The Privileges by Jonathan Dee
The writing in this novel was very good: smart, witty, revelatory. The early chapters which depict a boozy wedding weekend and a mother getting through an endless day with her young children had me excited and optimistic about the reading journey I was heading on. Even the husband’s lack of integrity when it came to making money indicated promise toward an interesting story, but the problem was that aside from the skilled writing and early chapters there wasn’t much else there – the plot was thin and the characters didn’t evolve in a meaningful way, and the track the author chose for the ending was just strange and unsatisfactory. No reason this novel couldn’t have delivered the full package, and the fact that it didn’t was a big disappointment.
About The Privileges
Smart, socially gifted, and chronically impatient, Adam and Cynthia Morey are so perfect for each other that united they become a kind of fortress against the world. In their hurry to start a new life, they marry young and have two children before Cynthia reaches the age of twenty-five. Adam is a rising star in the world of private equity and becomes his boss’s protégé. With a beautiful home in the upper-class precincts of Manhattan, gorgeous children, and plenty of money, they are, by any reasonable standard, successful.
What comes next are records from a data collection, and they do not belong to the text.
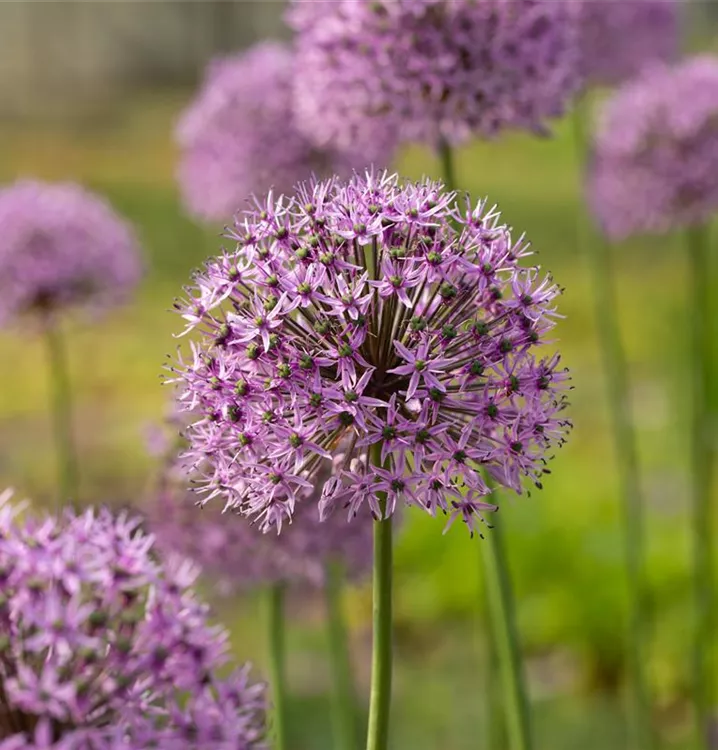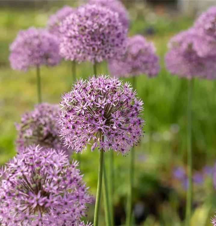 Die hohen Zierlauch-Sorten sind Hybriden, deren Vorfahren aus den zentralasiatischen Bergsteppen stammen. Sie werden inzwischen sehr häufig angepflanzt, so kann man sich jedes Jahr wieder auf diese ornamentalen und fluffigen Blütenbälle im Frühsommer freuen!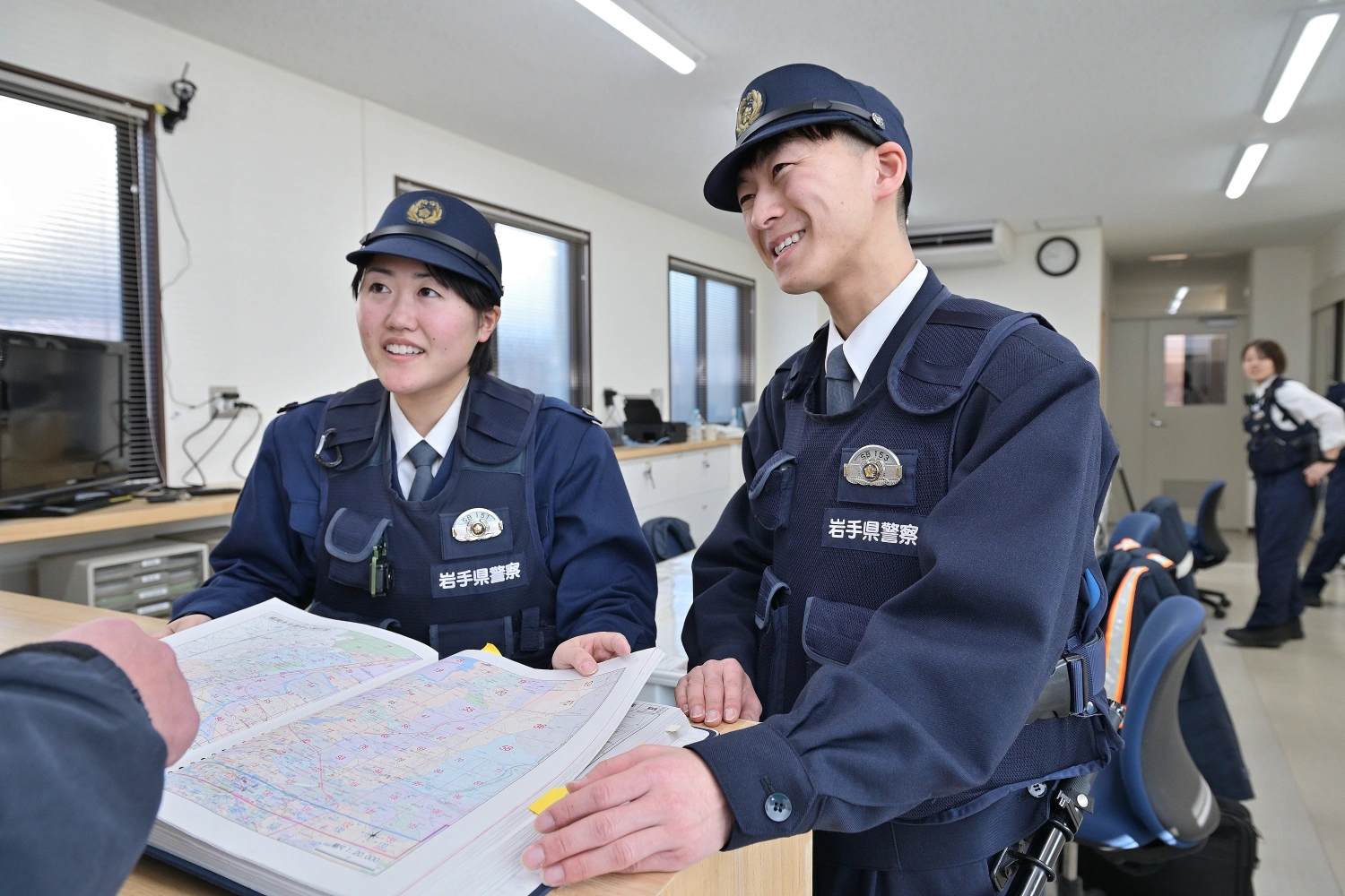 - 落とし物・拾い物の届け出受理、市民の方からの相談対応から事件事故の対応、事務仕事まで幅広い仕事をしています。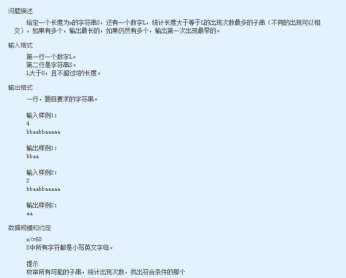 1 #include<stdio.h> 2 #include<string.h> 3 4 //定义子串参数结构体 5 struct sub_str 6 { 7 char sstr[61]; //子串 8 int len; //子串长度 9 int times; //子串出现的次数 10 }; 11 12 int main() 13 { 14 int i,j,k; 15 int l,l_temp; //l:用于记录输入的要统计的子串的最小长度;l_temp:用于记录遍历子串时的临时动态子串长度 16 char str[61],sstr_temp[61]; //str:用于指向输入的要统计的字符串;sstr_temp:用于指向当前统计的子串 17 int str_len; //用于记录输入的要统计的字符串的长度 18 struct sub_str substr[1830]; //substr[1830]:用于记录各个子串的参数,最多有1+2+3+···+60个子串 19 struct sub_str substr_temp; //substr_temp:用于对substr[1830]中的子串进行排序时交换顺序的临时中间结构体变量 20 int sstr_num=0; //用于统计存入substr[1830]中的实际子串数量 21 int max_times; //用于记录子串出现的最大次数 22 23 //输入 24 scanf("%d",&l); //输入统计的子串的最小长度 25 getchar(); //除去输入时的回车键 26 gets(str); //输入要统计的字符串 27 28 str_len=strlen(str); //得到输入的要统计的字符串的长度 29 30 //初始临时动态子串长度为最大长度,遍历要统计的字符串中满足长度的子串 31 for(l_temp=str_len;l_temp>=l;l_temp--) 32 { 33 for(i=0;i<str_len-l_temp;i++) //长度为l_temp的子串在长度为str_len的字符串中有str_len-l_temp个 34 { 35 for(j=i,k=0;j<i+l_temp;j++,k++) //得到当前要统计的子串 36 sstr_temp[k]=str[j]; 37 38 for(k=0;k<sstr_num;k++) //查询 substr[1830] 中是否存在当前要统计的子串 39 if(strcmp(sstr_temp,substr[k].sstr)==0) //有,则使该子串的出现次数加1 40 { 41 substr[k].times++; 42 break; 43 } 44 45 if(k==sstr_num) //没有,则在 substr[1830] 中新增该子串,并初始化各个参数 46 { 47 strcpy(substr[sstr_num].sstr,sstr_temp); 48 substr[sstr_num].len=l_temp; 49 substr[sstr_num].times=1; 50 sstr_num++; // substr[1830] 中实际的子串数量加1 51 } 52 53 memset(sstr_temp,0,sizeof(sstr_temp)); //清 0 sstr_temp[61],继续遍历该长度的子串 54 } 55 } 56 57 //采用冒泡排序法对 substr[1830] 中的子串根据出现次数进行排序 58 for(i=0;i<sstr_num-1;i++) 59 { 60 for(j=i;j<sstr_num;j++) 61 { 62 if(substr[j].times>substr[i].times) 63 { 64 for(k=0;k<61;k++) 65 substr_temp.sstr[k]=substr[i].sstr[k]; 66 substr_temp.len=substr[i].len; 67 substr_temp.times=substr[i].times; 68 69 for(k=0;k<61;k++) 70 substr[i].sstr[k]=substr[j].sstr[k]; 71 substr[i].len=substr[j].len; 72 substr[i].times=substr[j].times; 73 74 for(k=0;k<61;k++) 75 substr[j].sstr[k]=substr_temp.sstr[k]; 76 substr[j].len=substr_temp.len; 77 substr[j].times=substr_temp.times; 78 } 79 } 80 } 81 82 //输出 83 puts(substr[0].sstr); 84 85 return 0; 86 }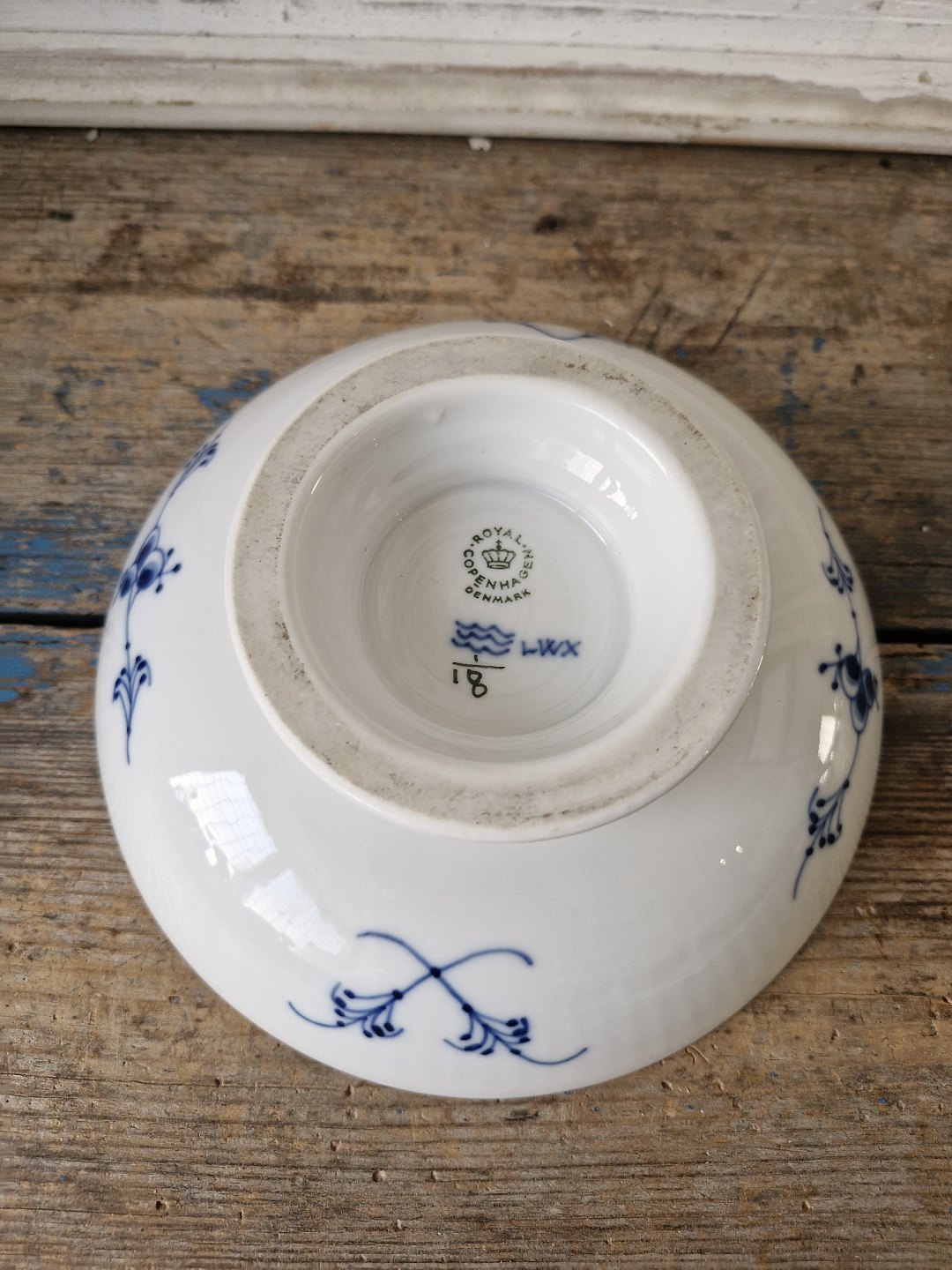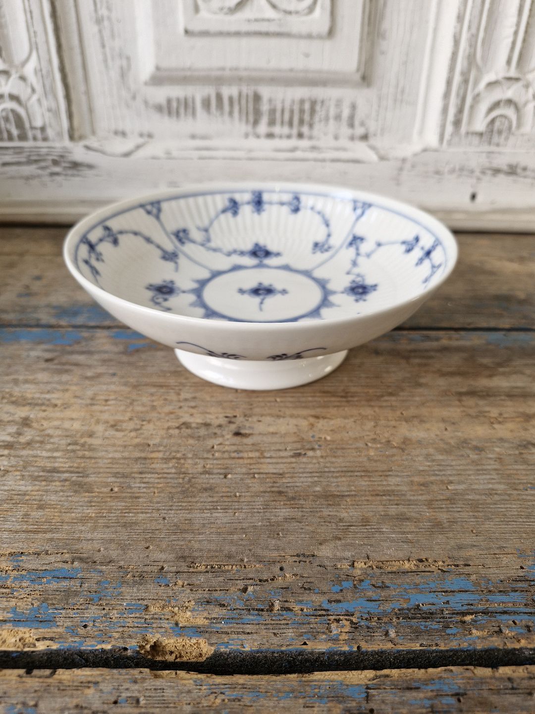 Royal Copenhagen Musselmalet riflet skål på fod no. 18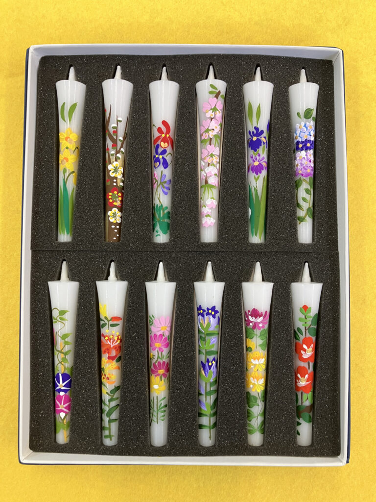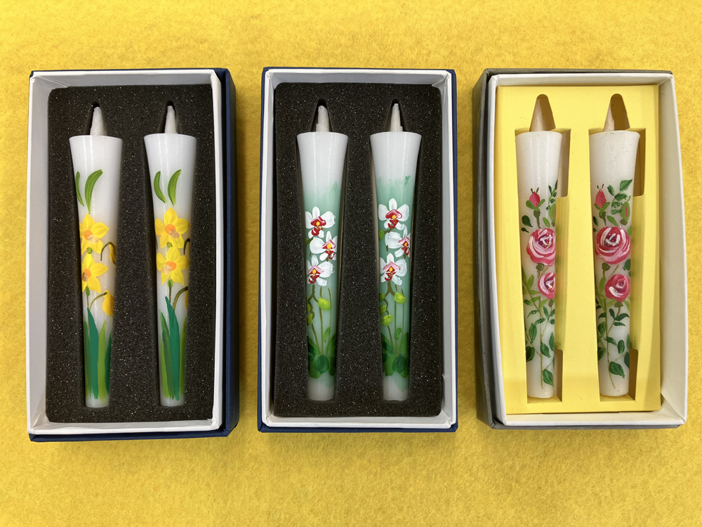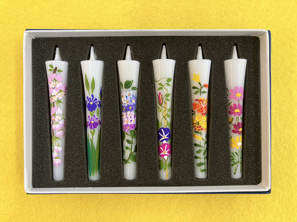 植物性の蝋【もくろう】で作られた和ろうそくに、華やかな花の絵を手描きした伝統工芸品です🕯️

But the Moreys’ standards are not the same as other people’s. The future in which they have always believed for themselves and their children—a life of almost boundless privilege, in which any desire can be acted upon and any ambition made real—is still out there, but it is not arriving fast enough to suit them. As Cynthia, at home with the kids day after identical day, begins to drift, Adam is confronted with a choice that will test how much he is willing to risk to ensure his family’s happiness and to recapture the sense that the only acceptable life is one of infinite possibility.
The Privileges is an odyssey of a couple touched by fortune, changed by time, and guided above all else by their epic love for each other. Lyrical, provocative, and brilliantly imagined, this is a timely meditation on wealth, family, and what it means to leave the world richer than you found it.